Познакомился я с Верой Федоровной и впервые поцеловал ее маленькую и трепетную, как пойманный птенец, ручку на первой же ее ‘субботе’, куда был приглашен вместе с Вяч. Ивановым, Блоком и другими представителями тогдашнего Парнаса символистов.
Эти субботы предшествовали открытию театра Комиссаржевской в новом помещении на Офицерской. Это был 1906 год.
Как Вера Федоровна пришла к дружбе с символистами?

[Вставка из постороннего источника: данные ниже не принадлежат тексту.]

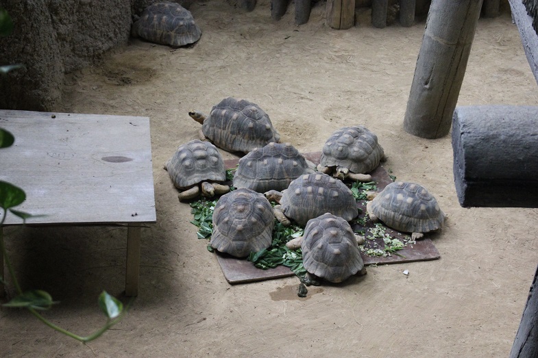 ウミガメの赤ちゃんを育てているコーナーでは・・・・
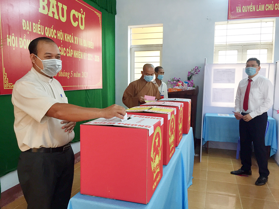 | Linh mục Giu sê Trần Quốc Dân, Chánh xứ Kim Long bỏ phiếu tại Khu vực bỏ phiếu số 4, thuộc thôn Lạc Long, xã Kim Long, huyện Châu Đức. |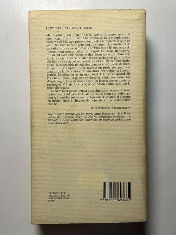 1990 1990. Nina Berberova - C'est moi qui souligne / Babel 1990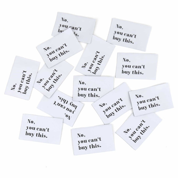 Hier ein Label in Weiß und dem Text "No, you can't buy this." in Schwarz.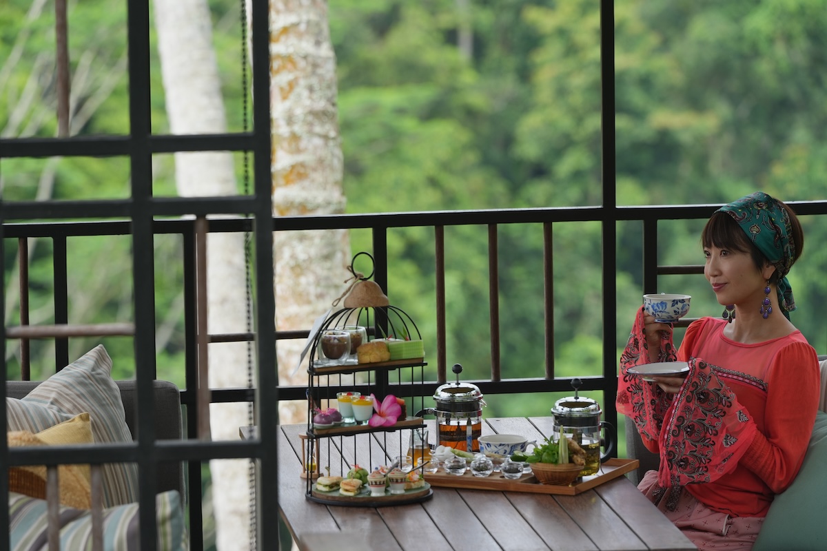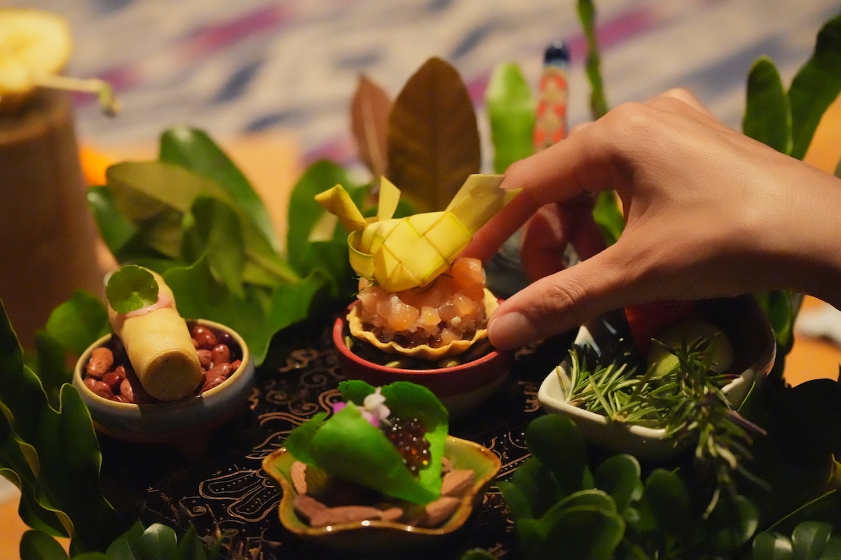 られた料理を食べる伝統的なスタイル「ティラハン」を体験。鳥のさえずりと谷を渡る風に包まれながら、地元食材を使った繊細な料理が身体に沁み渡ります。

Тогда эта дружба была сенсацией, театральной злобой дня, модным скандалом. До сих пор еще не продумано, каким образом любимейшая актриса широчайших прогрессивных слоев общества сдружилась с представителями изысканнейшего и оторвавшегося от жизни литературного салона. Я напомню два аналогичных факта. Первая книга реалиста Бунина ‘Листопад’ за два, кажется, года перед этим вышла одновременно и в ‘Знании’ и у декадентов в ‘Скорпионе’. Знаньевец Леонид Андреев не только был соблазнен Георгием Чулковым в секту ‘мистических анархистов’, но и всем своим творчеством стал на грани символизма. Дело в том, что в 1905 году символизм, выросший из декадентства, порожденного новой промышленной буржуазией, перестал уже быть салонным явлением и наряду со своим процветанием в салонах (и загниванием там) стал достоянием широкого демократического общества, иногда в упрощенном виде, иногда безо всякого снижения. Типичным явлением второго ряда был журнал ‘Адская почта’ З. Гржебина, где рисовали художники ‘Мира искусств’ и печатал религиозно-революционные стихи сам глава символистов Вяч. Иванов. Отход демократического общества от знаньевского реализма диктовался стремлением найти синтетические образы для событий, потрясавших тогда Россию. Портреты Трепова и Коковцева под пером Кустодиева, или Дурново под пером Гржебина, были уже не портретами физических лиц, а символами враждебных революции сил. Разгром революции и эпоха реакции отбросили символизм как школу от живой общественности в туман мистики. Но в 1906 году, когда Вера Федоровна пошла на сближение с символистами, символизм еще был передовым общественно-художественным явлением, и как таковому Вера Федоровна подала ему руку. И в этом оказалось ее огромное чутье к общественной жизни.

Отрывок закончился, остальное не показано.